Earnest’s family aren’t his only supporters. A website, sendearnestjacksonhome.com has been collecting letters to send to the pardon board, an online petition has more than 62,000 signatures.
The family of Larry Perry have also put their support behind Earnest. In a letter compiled by the Send Earnest Home initiative, Elizabeth Smith who had a three-month-old son with Larry at the time of his shooting called for Jackson’s commutation.
“I felt lost and scared for my son’s future,” said Elizabeth Smith, Mike’s mother. “I was only 18-years-old and a new mother.
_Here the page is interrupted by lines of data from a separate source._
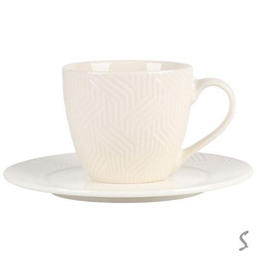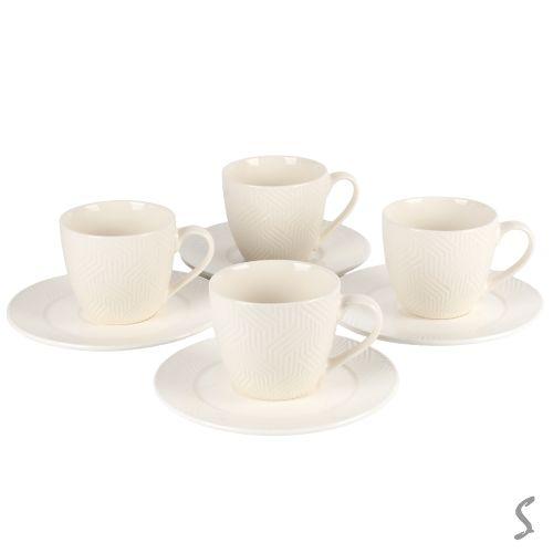 Кофейный набор фарфоровый: 2 чашки 240мл + 2 блюдца, цвет — розовый с белым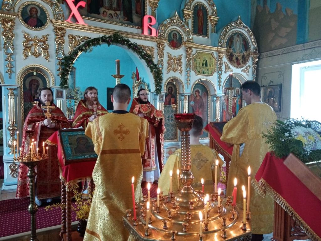 Во время богослужения были прочитаны сугубые прошения и молитва «Об избавлении от губительного поветрия», а так же молитва «О восстановлении мира».
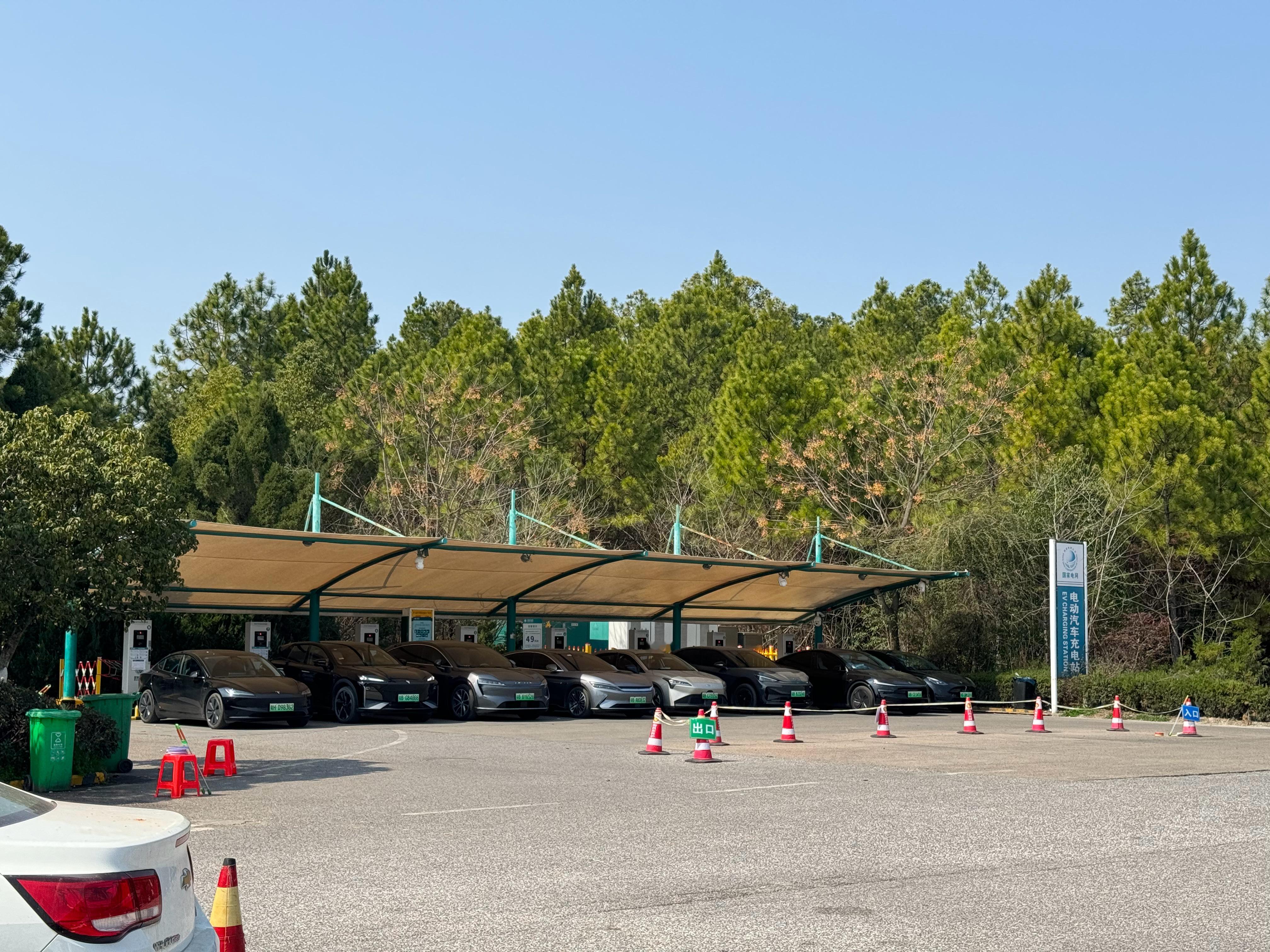 经过江西余江服务区,左手边是国家电网的充电站,右手边是理想超充站。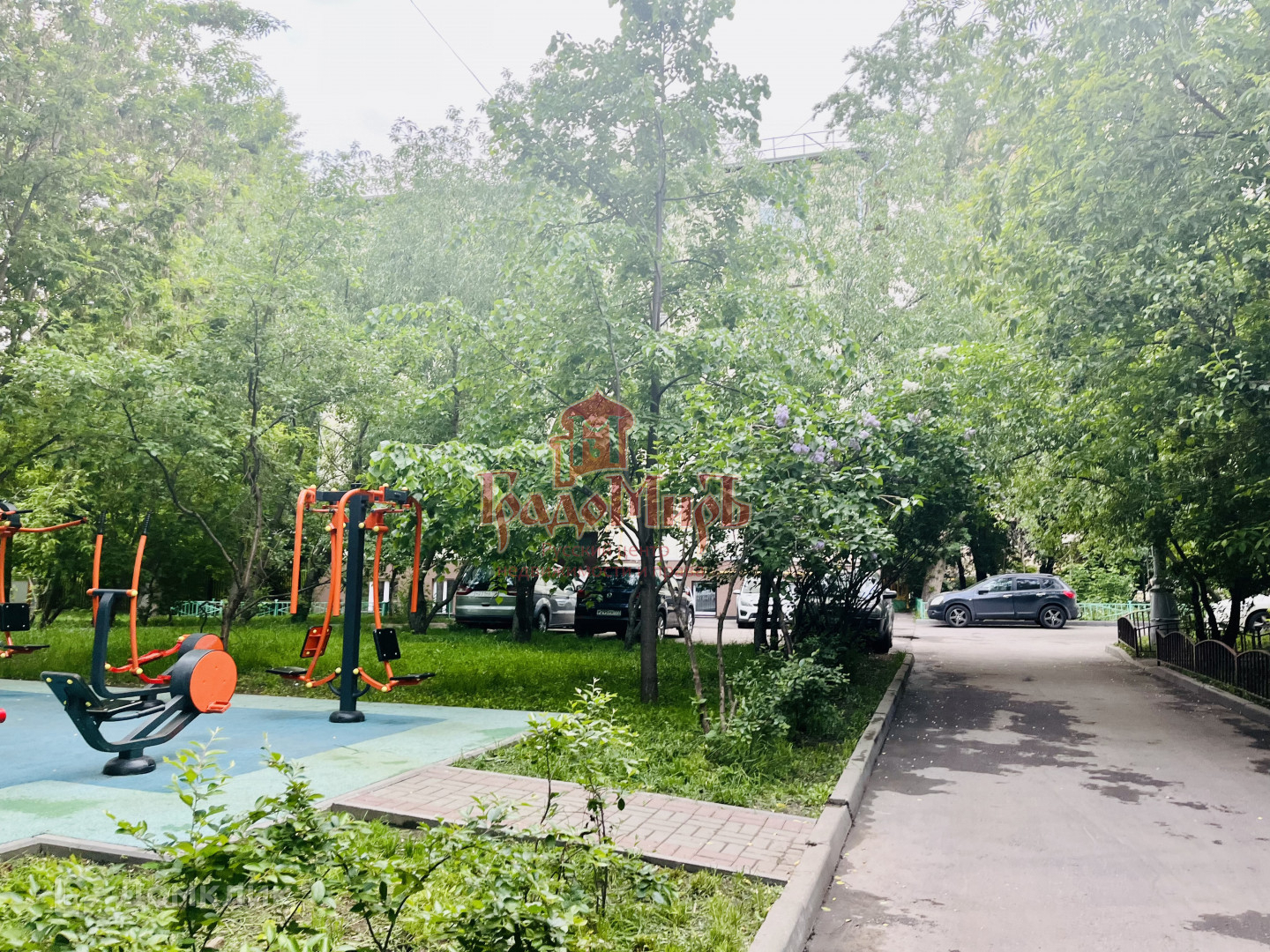 Во дворе есть детская площадка и огороженная парковка.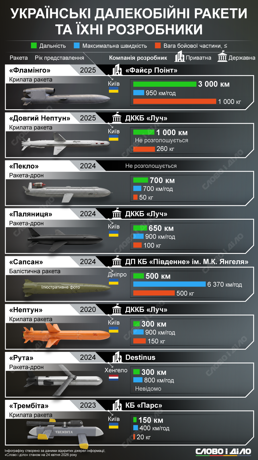 Украинские ракеты дальнего действия, которые в ходе полномасштабной войны успешно наносят удары по целям российских оккупантов, производятся как государственными, так и частными компаниями. Подробнее о производителях ракет «Фламинго», «Длинный Нептун», «Пекло», «Паляница», «Нептун», «Сапсан», «Рута», «Трембита» – на инфографике.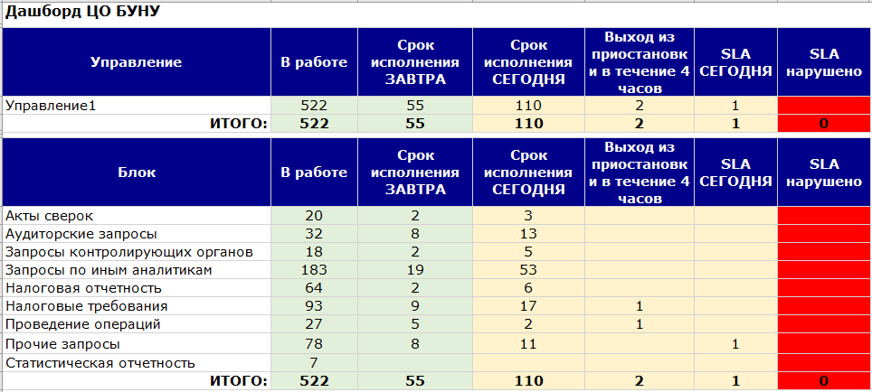 2.Дашборды в разрезе групп и сотрудников. От заказчиков поступают запросы на формирование актов сверки, подбор документов по аудиторским запросам и запросам контролирующих органов. По обращениям устанавливается срок SLA.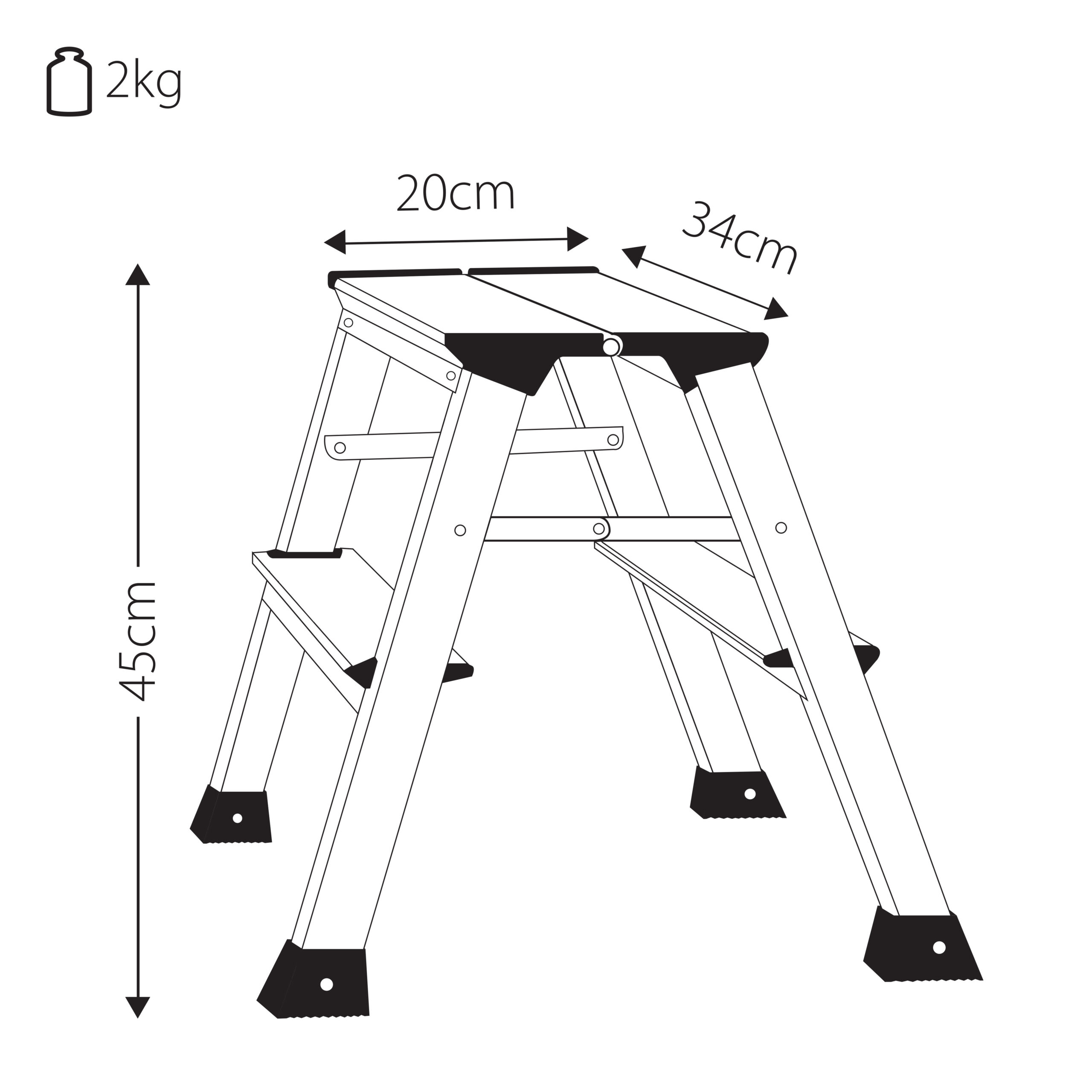COMMERCIAL INFORMATION:Q-Connect lightweight alu step ladder with 2 steps. Features spring loaded casters that retract once weight is applied to the stool. Ideal for warehouse retail office or domestic use. Height: 45cm.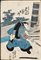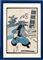 Xilografia di Utagawa Kunisada (Toyokuni III) raffigurante un attore kabuki, nel ruolo di un samurai, in una posa dinamica come se stesse per squadrare una spada.
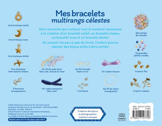 Voici une boîte qui contient tout le matériel nécessaire à la création d'un bracelet soleil, un bracelet oiseau, un bracelet lune et un bracelet étoile ! En suivant les pas-à-pas du livret, l'enfant pourra réaliser des bijoux prêts à être portés !
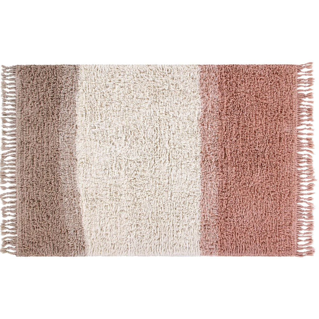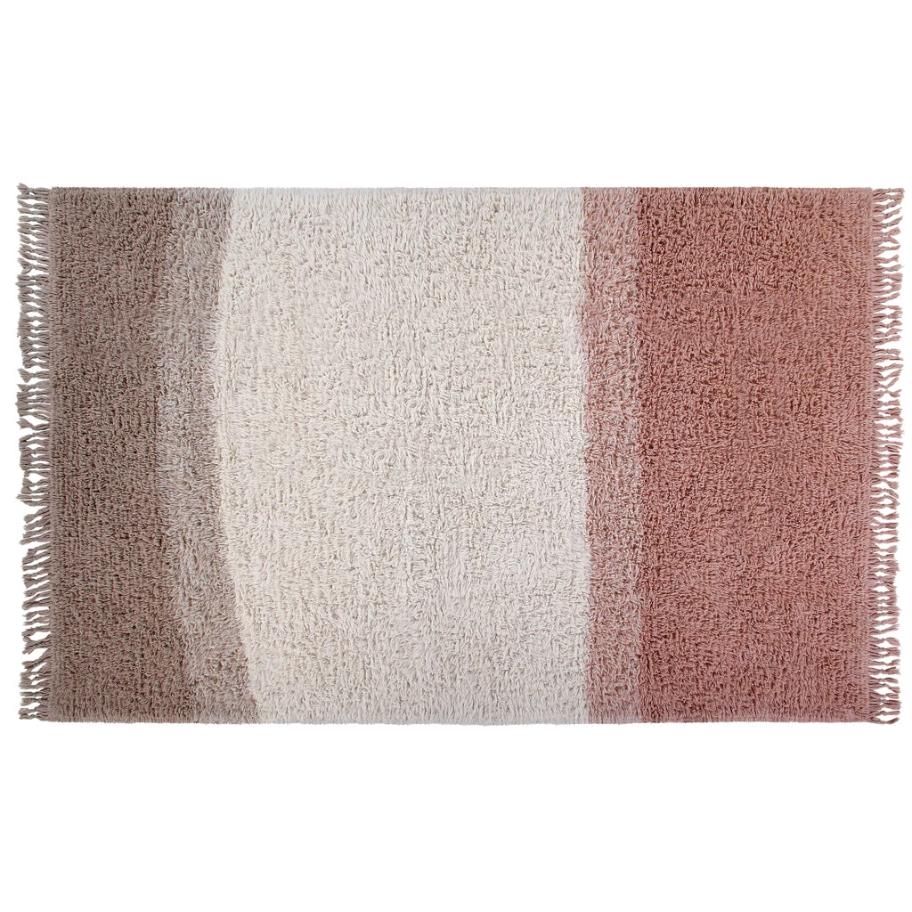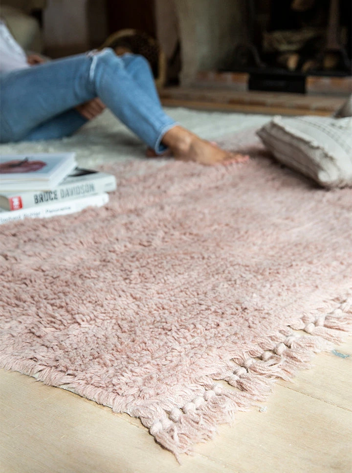 Rectangular washable wool rug in soft, beautiful color shades of Dusty Pink, Natural and Champagne. Home decor environments are made of these three cozy soft colors. Finished with handmade cross-knotted wool fringes at edges.

Now, my son will grow up without his biological father - and I knew Larry wanted to be there for Mike.”
The letter said Mike has been deeply affected by Larry’s death, but he too, is in support of Earnest going free.
“I am speaking up and asking for a commutation of Earnest’s sentence because it is the right thing to do,” said Hatcher. “As a Christian, I believe in forgiveness and mercy. This will help me find healing even though I can’t change the past and meet my father. I hope that these words reach your hearts and lead each of you to grant Earnest a second chance at life to do impactful things in his community.”
While it’s not easy to sum of 22 years of history, Earnest is hoping the members of the pardon board will review every aspect of his case and give him his chance at life outside of prison.
“They have a rare opportunity in our state’s history,” Earnest said. “To grant an innocent man his freedom.”